Unto the Toltecs, he taught patience and acceptance. A reverence of all things in being, and an alchemic way of moving in their environment. Later, with a new name, he taught the Mayans Time. This gift saved them the terrors brought down upon the Aztec, who knew Gukumatz as Quetzalcoatl.

As all good fathers, he did as he could to teach his chosen children the difference between right and wrong. Ultimately, though, we would have to chose for ourselves the path we will take. So into the oceans he returned, vowing to come back when our time of greatest need comes upon us. So is the way of the Father.



A shabby figure in a decrepit coat paced the mote that surrounded the once proud site called the 'Factory'. Shaking his head, and muttering in a ancient, strange language, the figure turned back toward the trees with a heavy sigh. They were angry, the trees were, and this was not a good sign. What terrors really did exist here? The man wondered silently at the threshold of the forest. The ancient leaf bearers loomed above him, more than slightly menacingly. Not a leaf moved, nor twig shuddered in response to his own increasing age.

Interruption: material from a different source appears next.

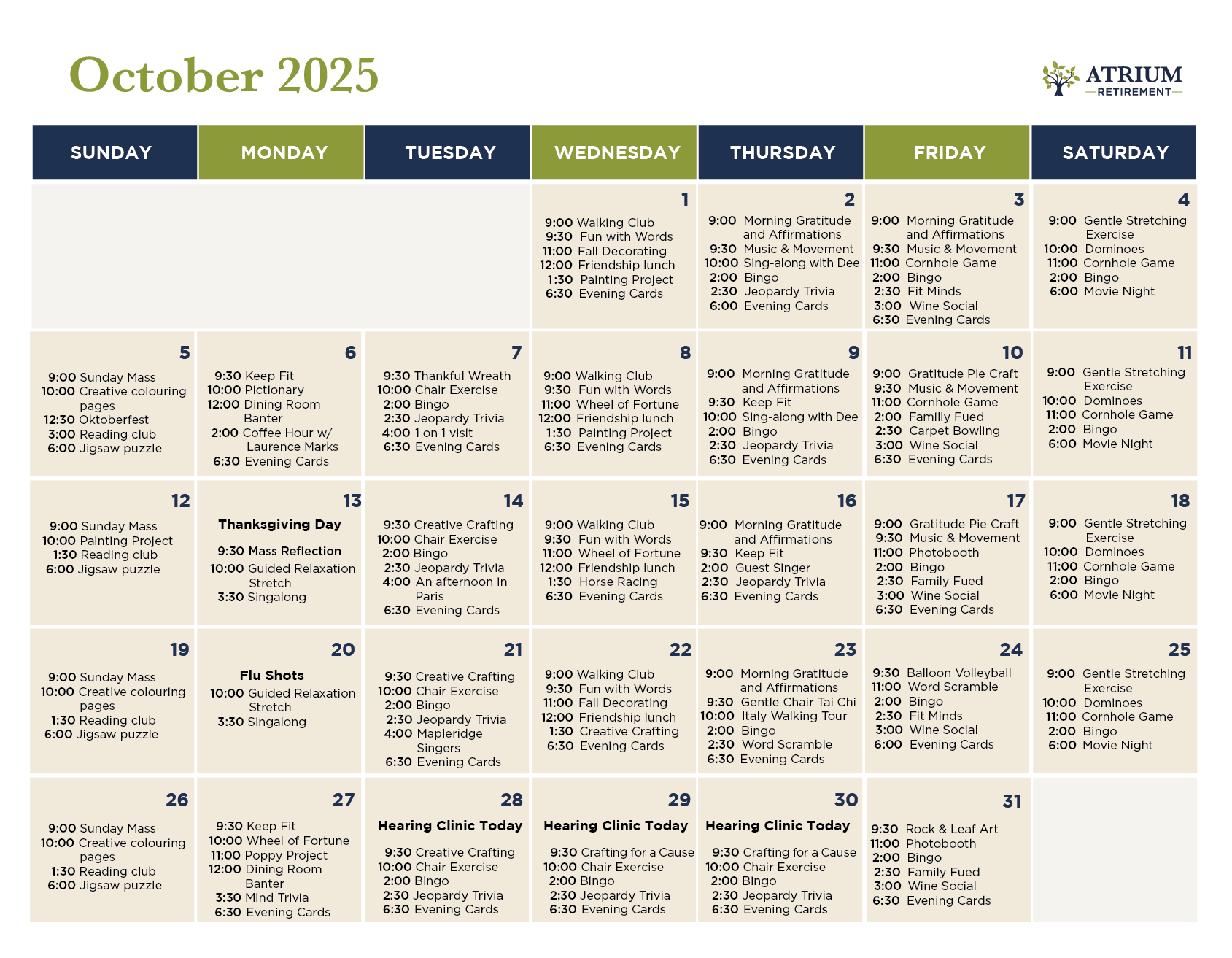 There’s always something happening here. From holiday celebrations and themed dinners to movie nights, games, and live music, every day brings something new to enjoy. Arts and crafts, music, and gardening spark creativity, while outings and volunteer programs bring people together. Our calendar keeps life fun, fresh, and full of connection.

Never the less, he passed beneath their bows, whispering continue-sly to them as he sought their center. Attempting encouraging words and emotions he did not himself feel. He sat on an outstretched root that dug into a small stream which had etched itself a place in the strangle hold of the thicket.

"No bird, no beast. Not even a beetle to keep you company." He sighed in the trees' own language. "No wonder the anger." He sighed again as he gazed into the moving water. Normally, the trees would respond to him, but here, they kept their silence, and a strange distance. "But you have seen her." A leaf quivered, the ancient grinned, they were still listening. "Was she what we hoped?" The same leaf let it's opinion be known by a sudden shiver. The shabby figure straightened, and did not look so disheveled, a wild sort of grin smeared itself across his face. "The time has come for greater things." He announced to the now milky sky.



Amon lay beside the golden haired girl-woman, watching her breathe. His nose inches from hers, he could almost hear her dream. The remaining dark of the morning had past in this manner for the pair. He lay there, pondering what she had said, and she slept the strain of her tears off.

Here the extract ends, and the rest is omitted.